There was an undercurrent to Nancy’s voice that immediately alerted
Allison. “That was quick.”

“Quick? What do you mean?”


Oh, my
dear, you mean he didn’t tell you?”

Allison’s heart started to race. Somehow she
dreaded what she was about to hear. “Tell me what?”


We let him
know this morning
we’ve established a
generous trust fund for Mitchell—a regular monthly allowance. We
want to help you out financially. And, if you approve, we’re going
to buy an apartment in Sydney so we can visit you more often and
make up for lost time. We’ve changed our Wills, too. We’ll be
leaving Peter the Adelaide house but, apart from that, everything
we have will be Mitchell’s. Peter’s not very happy about it. But we
can’t risk our lifetime’s work being gambled away.”

Allison clenched the telephone receiver so
tightly her knuckles showed white. She didn’t hear another thing
Nancy said.

The blood drained away from her face as the
shock of Nancy’s words hit her. She had to hold onto the doorway
for support. She felt engulfed with pain and disbelief and
terrible, bitter regret.

Her dream of
Mitchell being loved by his father had finally been destroyed.
Peter had been lying when he’d told her he had stopped gambling.
What had been his visit today been but a gambler’s desperate bluff?
To play with Mitchell’s emotions—and hers—in the hope of gaining
money from them was a deadly game with a small fortune at stake. A
monthly allowance right now, much more when his parents died—and
Bill had already had a near-fatal heart attack.

Her mouth
twisted cynically. Wouldn’t Joe laugh to know how right he’d been
about Peter’s ulterior motive? But she’d never be seeing Joe again
to tell him.

 

 

CHAPTER ELEVEN

Allison
surveyed the trail of
crumpled, chocolate-bar wrappers that littered the kitchen counter.
She always shoveled down chocolate when she was stressed or
miserable but this time they hadn’t made her feel better. She
wondered if anything could. Except Joe.

Joe.

She’d longed for him every second since he’d
walked out of her life a week ago.

How could she have let him go?

How could
she have let herself be sucked in by Peter? Her desire for Mitchell
to be with his natural father had made her gloss over the doubts
she’d had about her ex-husband’s sincerity.

When she’d
confronted Peter with what she’d learned about Mitchell’s trust
fund from Bill and Nancy, his desire to play happy families had
dissipated. Surprise, surprise.

Peter was
more to be pitied than despised. But, in spite of her anger with
him, she couldn’t help remembering his motives for bringing
Mitchell the toy elephant. Maybe there was still hope for a
relationship between Peter and his son. She never wanted to lay
eyes on her ex-husband’s face again. But perhaps he could see
Mitchell with Bill and Nancy when they were visiting.

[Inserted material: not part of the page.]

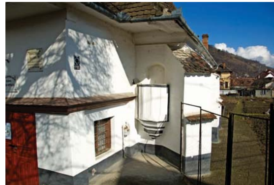
A 15th century Gothic chapel in Sighisoara, Romania, was used by people who had leprosy between 1647 and 1684. Not allowed inside, those with leprosy listened to the priest as he preached from a pulpit built on the outside of the church.

That is, if
he could forgive his parents for disinheriting him.

Allison
sighed and bit into another chocolate bar. Her family life had been
far from perfect, but when she delved into other people’s families
she saw flaws there, too. Peter felt his parents had abandoned him
at boarding school. Joe’s immediate family sounded wonderful but
what about the parents of his cousin who had kicked her out,
pregnant at age fifteen?

Would her
birth father have been any better than her adoptive one? She’d
never know. And at least her adoptive father had provided for her
materially when she was growing up. But Mitchell’s biological
father had proved himself unworthy—despite the fact he was “flesh
of his flesh”. Joe had given him way more love. Had her compulsion
to keep Peter in Mitchell’s life lost her son someone more
important?

Joe. Her
thoughts always came back to Joe. She’d lost him. But she couldn’t
forget him. Even if she tried to bury her memories, Mitchell
wouldn’t let her. Every so often he’d ask for Joe and his little
face would cloud over when she’d tell him Joe couldn’t see them
right now.

She couldn’t sleep, spending the nights
tossing and turning, thinking endlessly of Joe, hugging his jacket
that still smelt so heart-rendingly of him.